Und jetzt wo du es sagst, du schlimmer Finger hast ja Übertaktet  Na da tun sich doch ganz andere Hilfsmöglichkeiten/ Fehlerquellen auf. Ich meine mal gelesen zu haben, bin mir bei Sandy Bridge aber nicht zu 100% Sicher. Dass man bei den neueren Intel Core i CPUs beim Übertakten irgendwas mit Übertaktet. Ich kenne das jetzt nur von mir, wenn ich meinen i7 hoch takte dass dann auch die Northbridge wärmer wird. Logisch, immerhin bekommt sie in dem Moment ja auch einen höheren Traffic von der CPU, muss also etwas mehr arbeiten.
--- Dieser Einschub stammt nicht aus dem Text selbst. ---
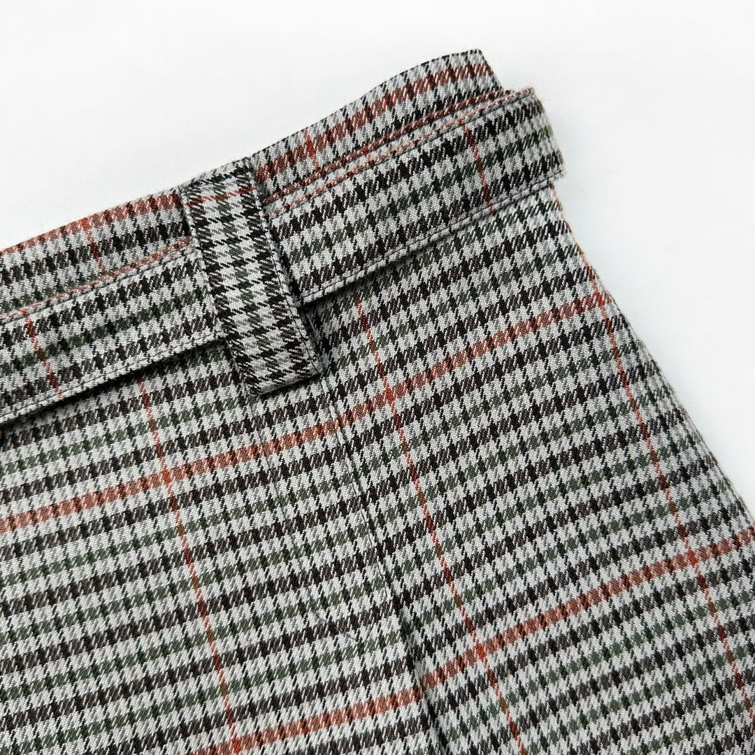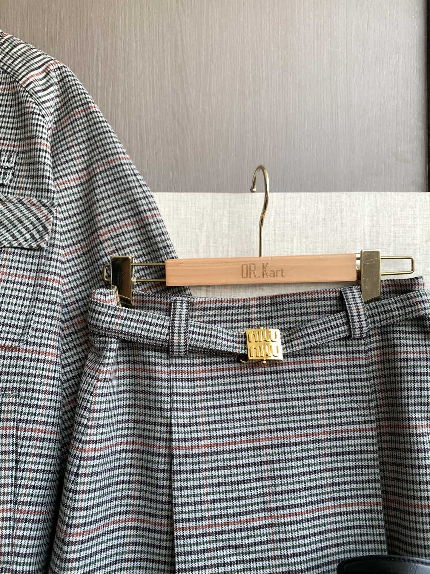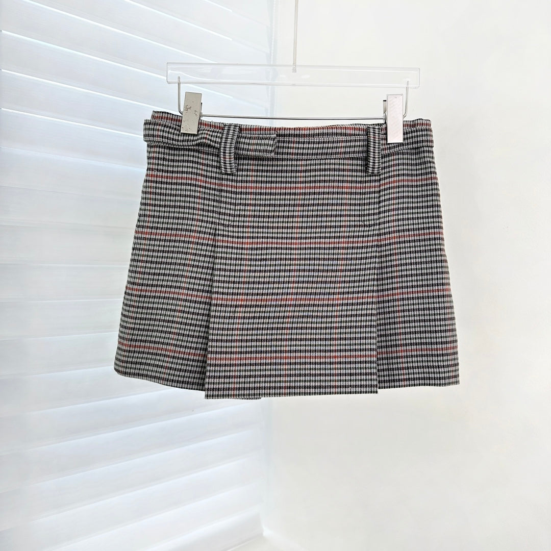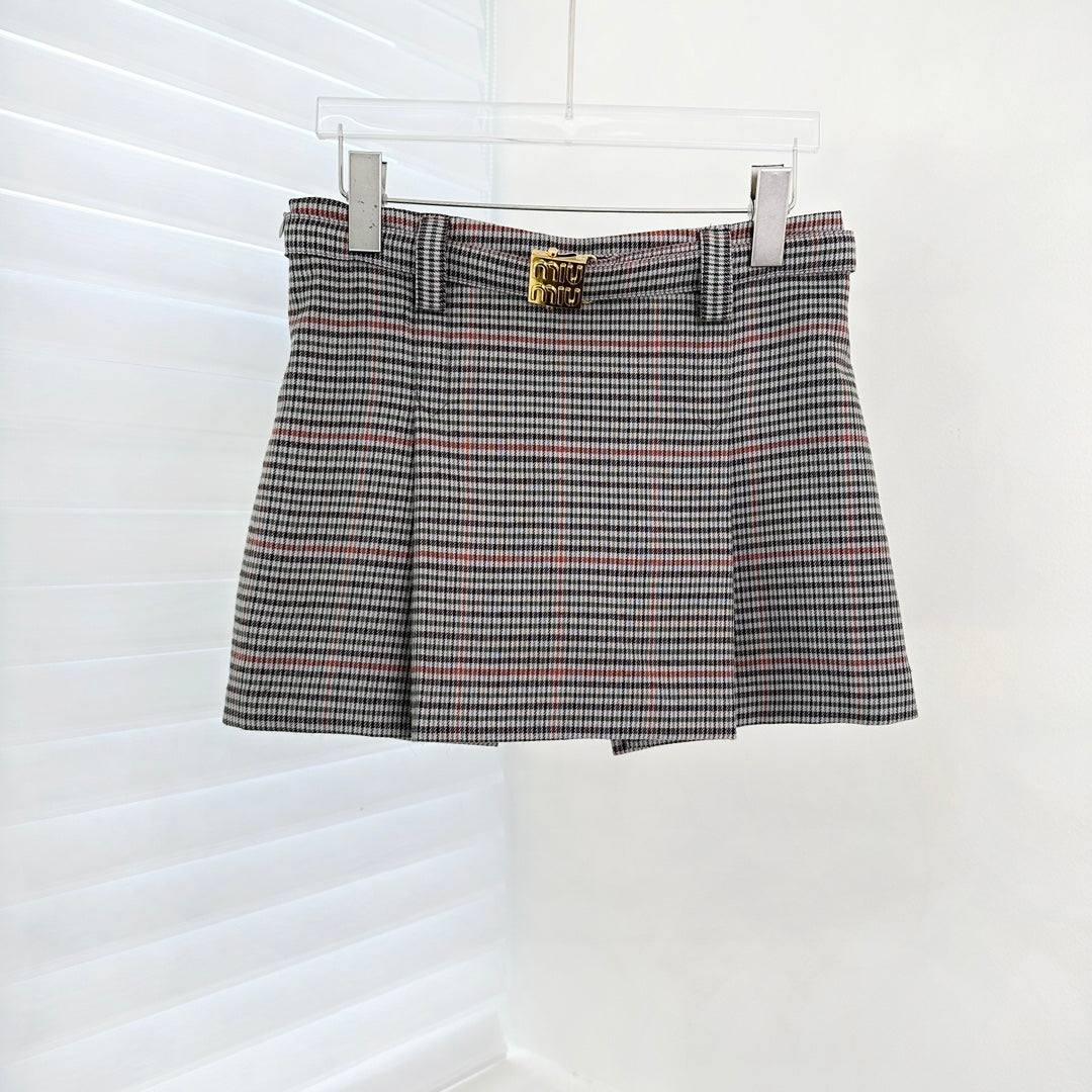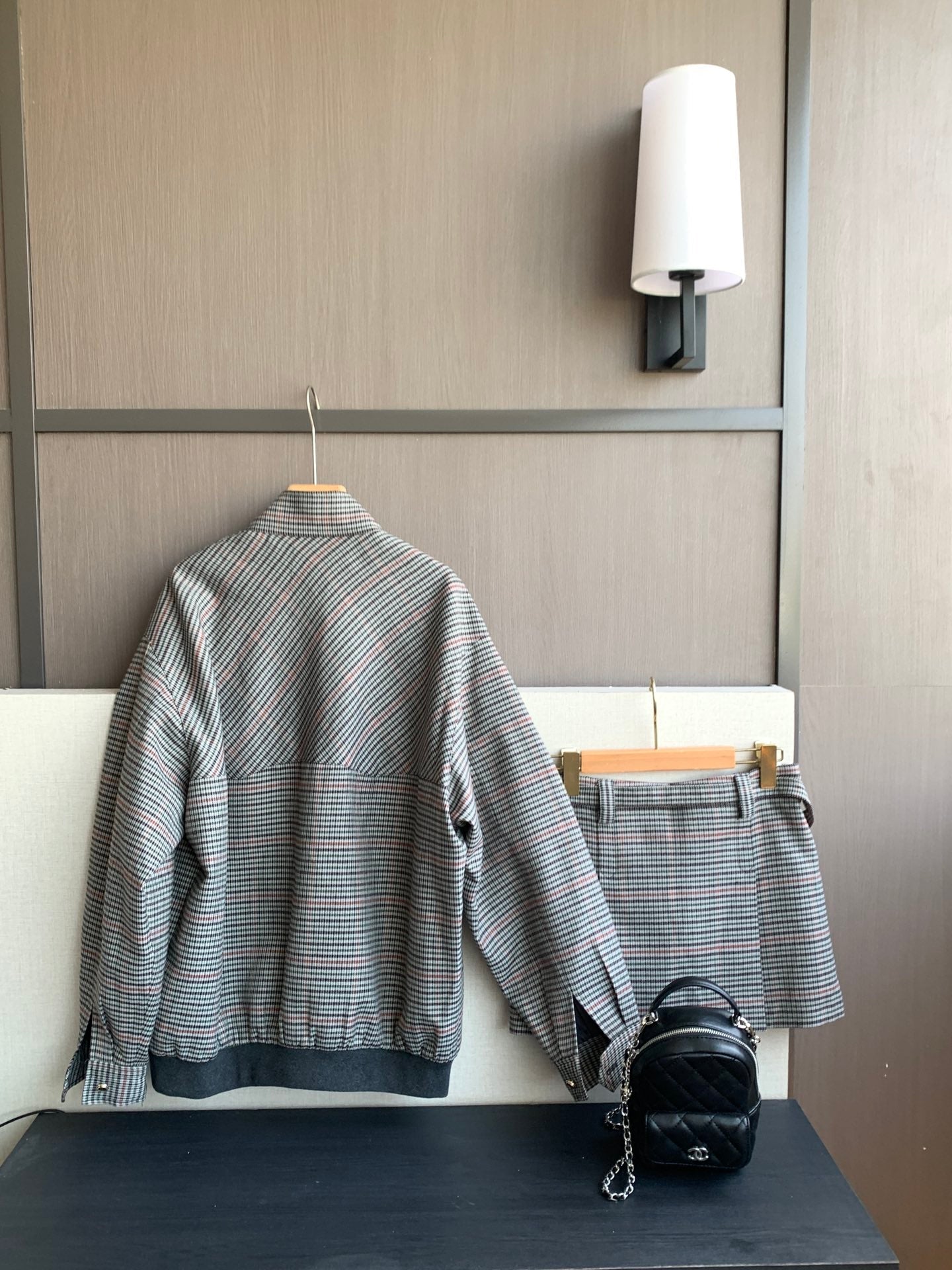 ! This short jacket features a sophisticated plaid print and sporty details. Stylish and decorated with embroidered logos, it shows a classic style. Paired with the same skirt, it is sweet and cool, and the custom metal buckle belt is super beautiful!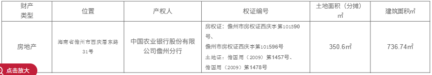 资产位于海南省儋州市西庆居东路31号,房权证:房权证:儋州市房权证西庆字第101590号、儋州市房权证西庆字第101596号,土地证:儋国用(2009)第1457号、 儋国用(2009)第1478号,上述房产产权人为中国农业银行股份有限公司儋州分行,中国农业银行股份有限公司儋州分行(转让方)享有该房产的处置权利。

Sind halt auch wie wir Menschen, mehr Arbeit, mehr Hitze, mehr Schwitzen in unserem Fall ---> Bäh pfui. 

Wenn die Temperaturen wirklich so kritisch sind, takte doch mal herunter, eventuell auf dem OEM Takt. Lasse den PC eine weile seine Temperatur ein pendeln, dann schau ... äh fühle mal wieder ob es sich gebessert hat. Bei meinen Versuchen habe ich bei den RAM Riegel (die ja dann warum und irgendwie mit dem Takt steigen - Hab zu viel wohl auf Automatik) gemerkt dass diese ebenfalls heiß werden. Könnte man als bunte Fischstäbchen aus der Pfanne verkaufen so unangenehm warm wurden die.


----------



## Schatttenlord (13. Januar 2014)

*AW: Kühler auf Mainboard wird sehr heiß*

Sorry, dass ich mich erst jetzt zurückmelde.
Habe jetzt mehrere Test mit runtergetaktetem Rechner gemacht wird aber schon kurz nach dem Start 50°C warm. (mit aufliegendem Fühler, wird also wahrscheinlich eher wärmer sein.)

Habe jetzt einen leisen 120mm Lüfter direkt auf den Kühlkörper gerichtet ( von vorne gesehen) er transportiert die Wärme jetzt eigentlich gut ab. (Die Lamellen  hinten sind gelocht, sollte also keinen Wärmestau geben.)
Behebt die Ursache zwar nicht aber die Auswirkung.

Vielen Dank für die vielen Ansätze und die Mühe.


----------